TASK GOAL:
Using the listing below, give again exactly the lines from the line with "BHKWs in der Heizzentrale" to the line with "Und zum Begriff", inclusive, without the pictures.

RECORDS FOR THIS EXERCISE:
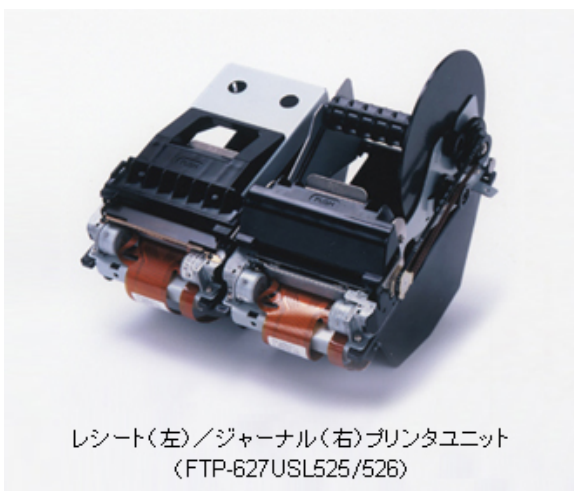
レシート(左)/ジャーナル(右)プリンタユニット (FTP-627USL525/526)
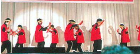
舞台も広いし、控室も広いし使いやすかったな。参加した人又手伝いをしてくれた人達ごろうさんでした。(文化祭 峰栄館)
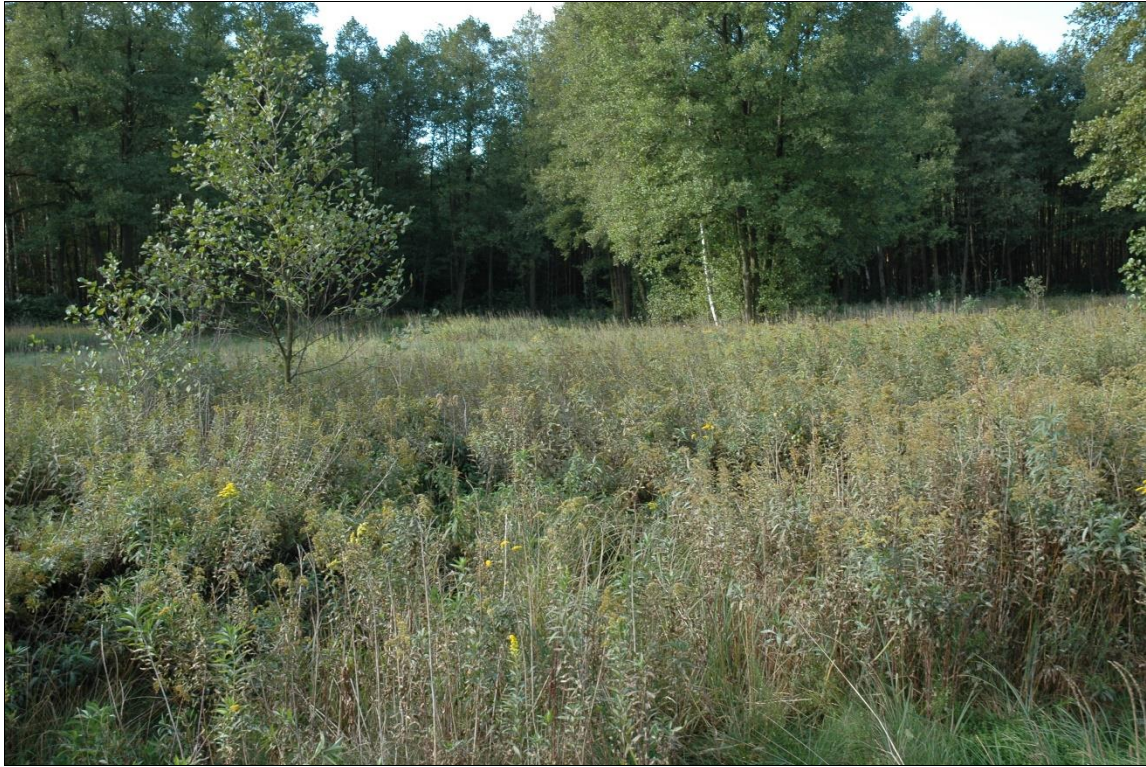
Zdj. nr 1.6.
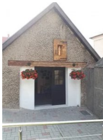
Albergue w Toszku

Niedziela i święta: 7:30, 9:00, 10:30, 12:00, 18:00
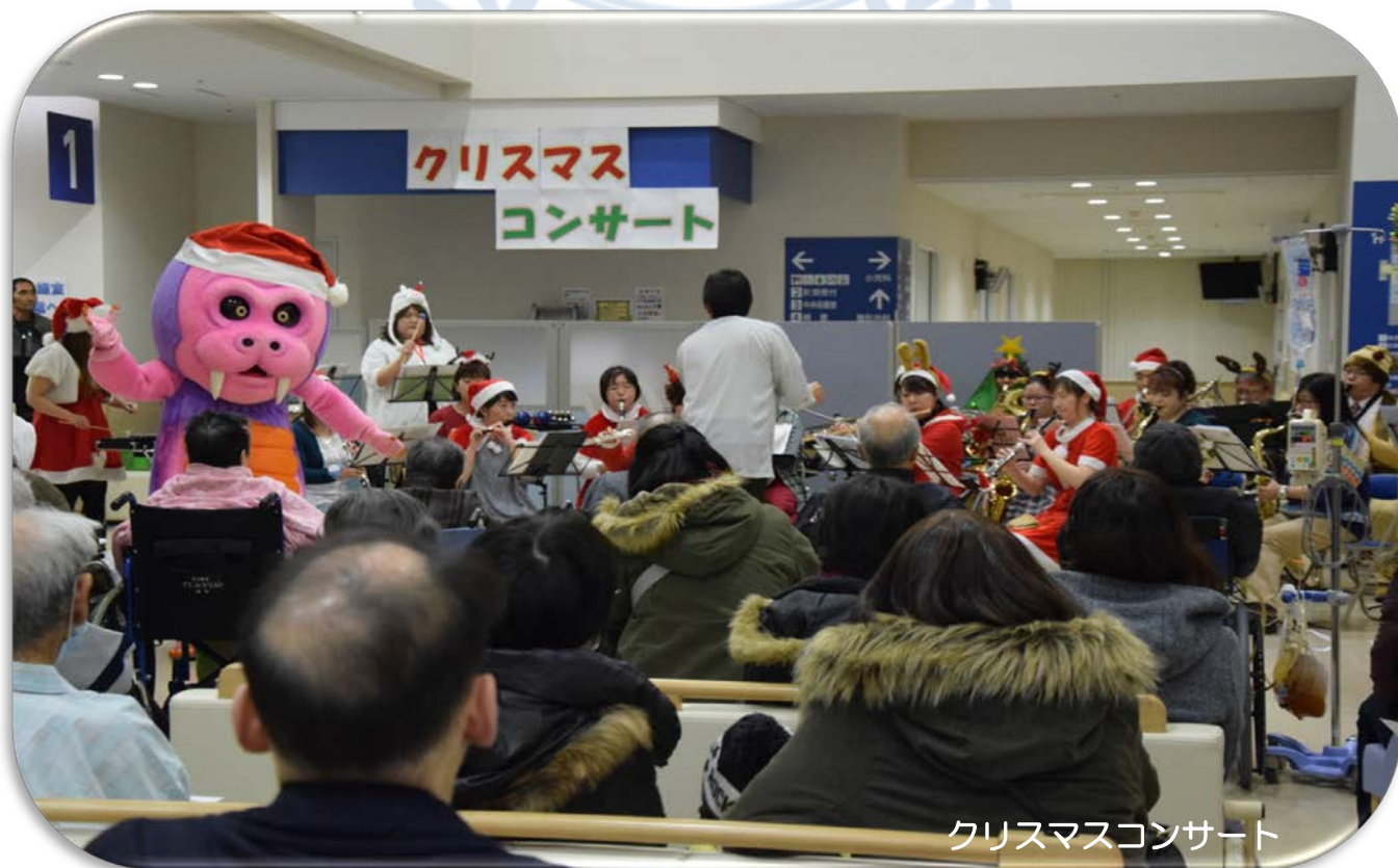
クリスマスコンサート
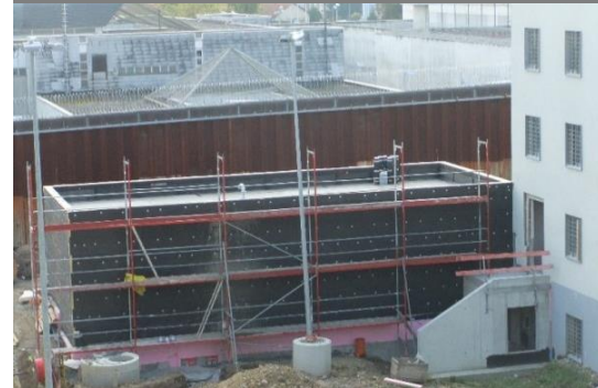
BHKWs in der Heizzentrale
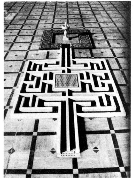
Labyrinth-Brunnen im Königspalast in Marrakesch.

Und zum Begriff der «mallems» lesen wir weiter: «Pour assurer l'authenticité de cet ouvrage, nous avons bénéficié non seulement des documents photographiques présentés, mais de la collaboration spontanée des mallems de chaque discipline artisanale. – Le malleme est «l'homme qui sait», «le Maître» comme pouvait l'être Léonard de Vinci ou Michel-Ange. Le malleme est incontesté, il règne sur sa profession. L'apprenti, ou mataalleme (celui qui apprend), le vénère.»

...

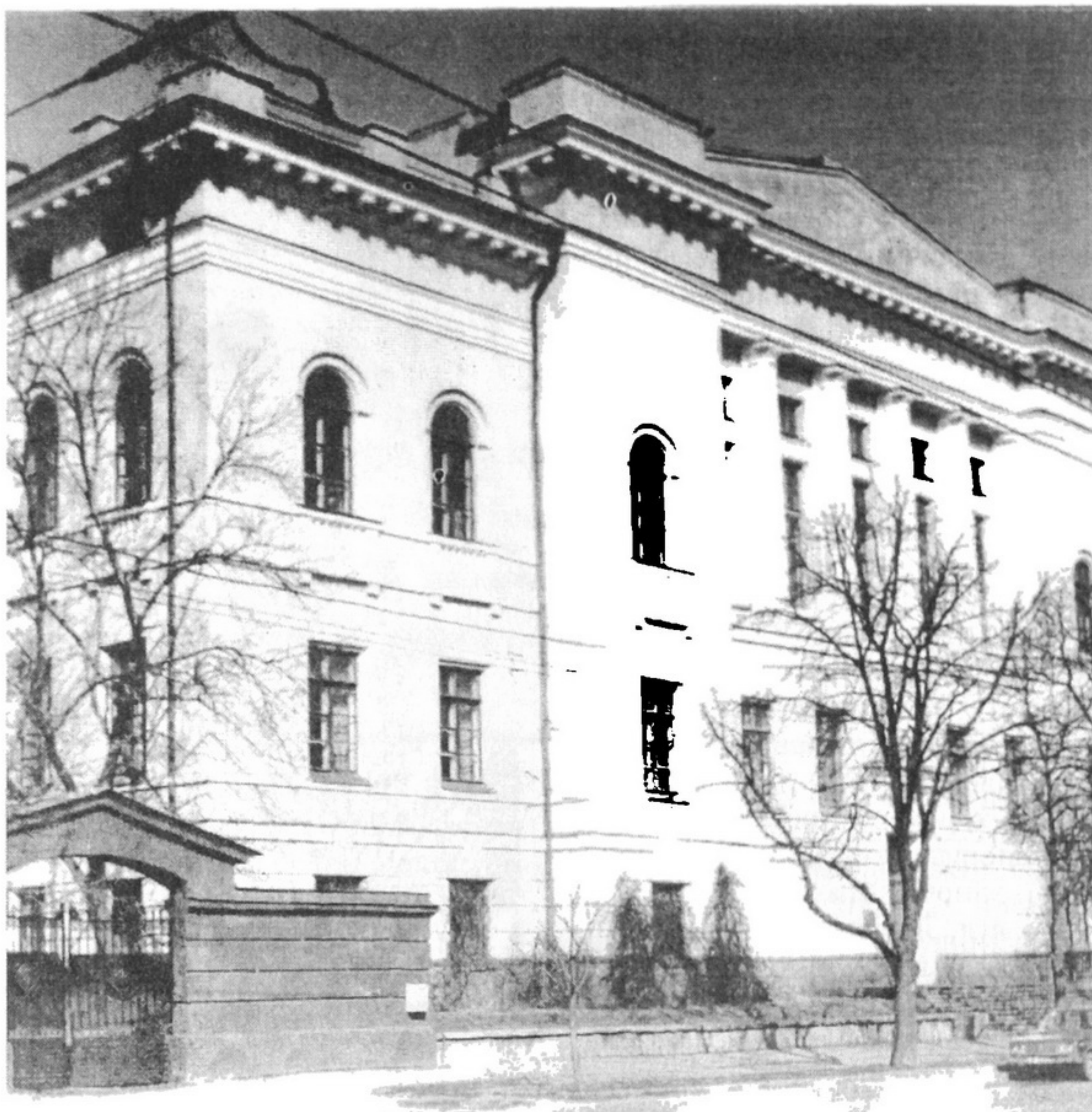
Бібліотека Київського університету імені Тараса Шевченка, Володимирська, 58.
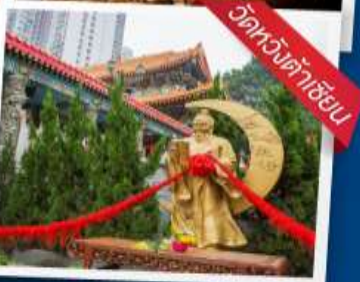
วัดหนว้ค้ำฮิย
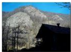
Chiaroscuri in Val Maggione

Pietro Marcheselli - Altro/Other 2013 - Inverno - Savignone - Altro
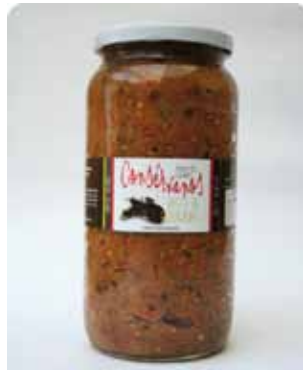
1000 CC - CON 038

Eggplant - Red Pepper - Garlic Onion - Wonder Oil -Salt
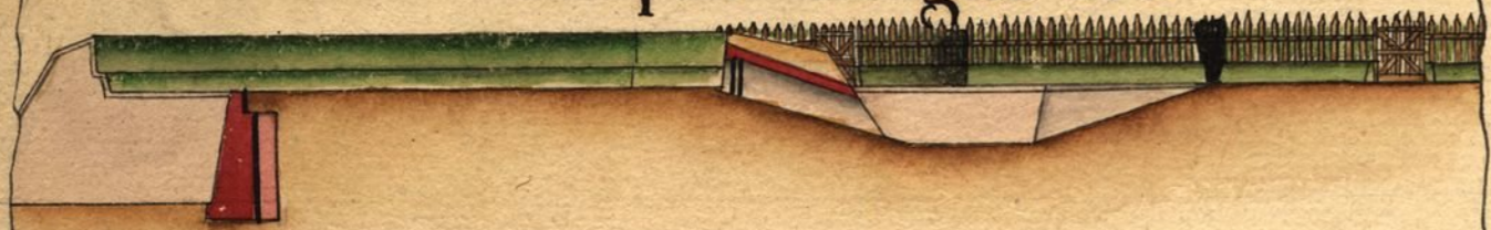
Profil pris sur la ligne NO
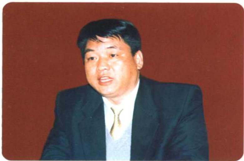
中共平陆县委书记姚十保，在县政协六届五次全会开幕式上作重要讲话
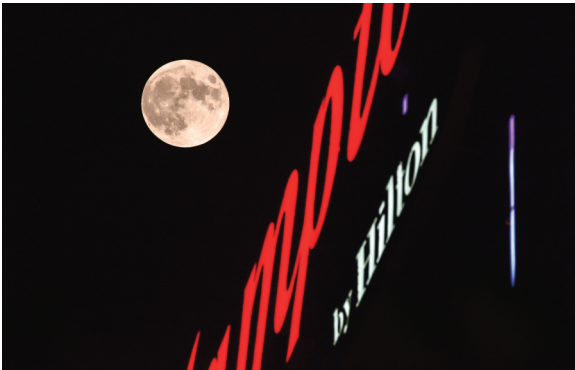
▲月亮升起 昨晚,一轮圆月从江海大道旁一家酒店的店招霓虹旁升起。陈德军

EXERCISE OUTPUT:
BHKWs in der Heizzentrale
Labyrinth-Brunnen im Königspalast in Marrakesch.

Und zum Begriff der «mallems» lesen wir weiter: «Pour assurer l'authenticité de cet ouvrage, nous avons bénéficié non seulement des documents photographiques présentés, mais de la collaboration spontanée des mallems de chaque discipline artisanale. – Le malleme est «l'homme qui sait», «le Maître» comme pouvait l'être Léonard de Vinci ou Michel-Ange. Le malleme est incontesté, il règne sur sa profession. L'apprenti, ou mataalleme (celui qui apprend), le vénère.»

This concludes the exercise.